All hands on deck to dive into cancer’s unknown territory

Dr. Bunch plans to use an exploratory approach to create these tumor maps using multiple spectrometry methods in tandem. This application of an analytical tool such as mass spectrometry towards deciphering tumor biology is unprecedented in cancer biology, which has relied heavily on molecular and fluorescent methods. The latter, however, works only if cellular and molecular targets are well-known.

“Many methods can produce really detailed information about the location of different molecules in a cell or a tissue. But typically, most of these methods require us to know what we’re looking for before we perform the experiment,” notes Dr. Bunch. “For example, optical microscopy will give us fantastic images of the distribution of different proteins but we have to know which protein we want to look for first. And usually, that would involve using an antibody conjugated with a fluorescent marker. That’s a very powerful method of looking for something that we already know,” she adds, commenting on the conventional approach in cancer research so far.

Dr. Bunch’s projects, however, will delve into the unknown. “What we want to do in this project is measure many things; we don’t know what we’re looking for yet. We’re trying to produce an unbiased review of the tissue biochemistry in a tumor,” she says.

“When we put together our project we realized that no single mass spectrometry imaging technique can address everything that we want to measure,” says Dr. Bunch. Several spectrometry methods will come together as she sets out to study tumor metabolism at different molecular levels. “We have a whole range of instruments available to us, starting from secondary ion mass spectrometry through desorption electrospray ionization (DESI), matrix-assisted laser desorption Ionization (MALDI) all the way through to mass cytometry and CY-TOF approaches,” she notes. Each of these techniques is useful for measuring different classes of molecules. “We can't really decide before we embark upon the project which of those are more important. So, we're bringing them all to bear on the same problem.”

The top-down approach with which Dr.

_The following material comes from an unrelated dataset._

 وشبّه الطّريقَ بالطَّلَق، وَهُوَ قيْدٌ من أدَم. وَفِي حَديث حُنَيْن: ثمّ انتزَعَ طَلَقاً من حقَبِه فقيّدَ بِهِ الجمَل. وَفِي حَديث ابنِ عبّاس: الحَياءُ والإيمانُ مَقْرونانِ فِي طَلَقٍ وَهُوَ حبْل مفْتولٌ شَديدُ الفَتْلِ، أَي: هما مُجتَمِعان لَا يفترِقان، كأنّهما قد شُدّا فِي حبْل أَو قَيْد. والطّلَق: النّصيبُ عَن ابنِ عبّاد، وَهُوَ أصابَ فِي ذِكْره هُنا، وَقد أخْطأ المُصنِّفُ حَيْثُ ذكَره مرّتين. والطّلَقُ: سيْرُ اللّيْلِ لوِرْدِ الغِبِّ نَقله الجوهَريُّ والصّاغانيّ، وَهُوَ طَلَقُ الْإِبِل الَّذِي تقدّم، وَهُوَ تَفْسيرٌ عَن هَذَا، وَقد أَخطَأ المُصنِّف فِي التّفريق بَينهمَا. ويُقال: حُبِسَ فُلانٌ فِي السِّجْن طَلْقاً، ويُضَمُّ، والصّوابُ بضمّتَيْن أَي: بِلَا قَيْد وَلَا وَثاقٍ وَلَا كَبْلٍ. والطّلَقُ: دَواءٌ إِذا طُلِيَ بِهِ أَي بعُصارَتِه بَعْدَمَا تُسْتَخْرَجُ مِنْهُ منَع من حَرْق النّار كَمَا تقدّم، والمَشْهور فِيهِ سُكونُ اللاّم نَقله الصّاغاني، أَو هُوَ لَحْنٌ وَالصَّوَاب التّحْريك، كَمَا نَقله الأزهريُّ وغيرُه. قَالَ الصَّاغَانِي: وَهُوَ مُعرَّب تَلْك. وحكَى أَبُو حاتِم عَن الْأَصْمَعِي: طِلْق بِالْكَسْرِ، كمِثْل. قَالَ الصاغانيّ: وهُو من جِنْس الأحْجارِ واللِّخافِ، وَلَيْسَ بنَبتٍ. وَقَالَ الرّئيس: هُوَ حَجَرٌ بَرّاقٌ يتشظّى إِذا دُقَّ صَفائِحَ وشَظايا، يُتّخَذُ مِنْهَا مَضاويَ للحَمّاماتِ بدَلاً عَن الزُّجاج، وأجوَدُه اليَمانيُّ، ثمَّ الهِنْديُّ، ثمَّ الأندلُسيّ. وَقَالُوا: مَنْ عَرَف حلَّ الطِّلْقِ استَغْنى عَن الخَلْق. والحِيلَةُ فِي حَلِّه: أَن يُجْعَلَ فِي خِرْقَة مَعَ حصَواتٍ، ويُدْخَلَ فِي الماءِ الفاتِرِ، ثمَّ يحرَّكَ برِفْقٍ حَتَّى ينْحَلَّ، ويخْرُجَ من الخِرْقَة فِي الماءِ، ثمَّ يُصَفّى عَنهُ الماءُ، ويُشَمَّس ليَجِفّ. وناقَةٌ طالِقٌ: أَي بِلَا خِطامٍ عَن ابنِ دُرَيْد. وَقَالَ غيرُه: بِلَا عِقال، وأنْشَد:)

Bunch will map out a tumor involved multiple techniques used at tandem. Image courtesy of Cancer Research UK.

Pilot studies at the Bunch lab, in collaboration with other faculty members, include understanding the performance capacity of each of these methods to decide the spatial resolution a particular method offers. “We’re always balancing sensitivity with spatial resolution in mass spectrometry imaging methods,” says Dr. Bunch. “At the National Physical Laboratory, we have a range of MALDI and DESI instruments. The ones that we are using most routinely in the Grand challenge UK project at the moment are the Waters MALDI and DESI platforms… their SYNAPT instruments.”

The team works with colorectal tumor samples as well as samples from the pancreas, breast, and brain. They will employ a top-down approach, performing large high-throughput analyses first, and then honing into fine details of a tumor’s architecture. “We will be taking samples in sections using one of the methods, such as MALDI or DESI, which are our higher throughput methods to obtain our initial maps. We’ll then use a range of multivariate analysis tools and segmentation methods to find areas of particular interest in this tumor…probably several different areas of a single patient’s tumor,” says Dr. Bunch.

The impact of the team’s project will be extensive. Dr. Bunch adds: “I think by using these techniques in combination we're certainly extracting more information from a tumor sample than we’ve ever done before. By measuring the full scope of different molecules – small molecules all the way up to proteins at a range of scales, we are really able to review regions of interest in individual tumors in far more detail than ever before.”

One of the ultimate goals of the project is that the molecular data generated leads us to new ways of measuring tumors, in real time, in surgery or using non-invasive methods. Dr. Bunch concludes: “From a treatment point of view, the more we understand the molecular basis of tumors, particularly in a metabolic point of view, the better that we can design therapies, either new drugs or new intelligent surgical intervention.”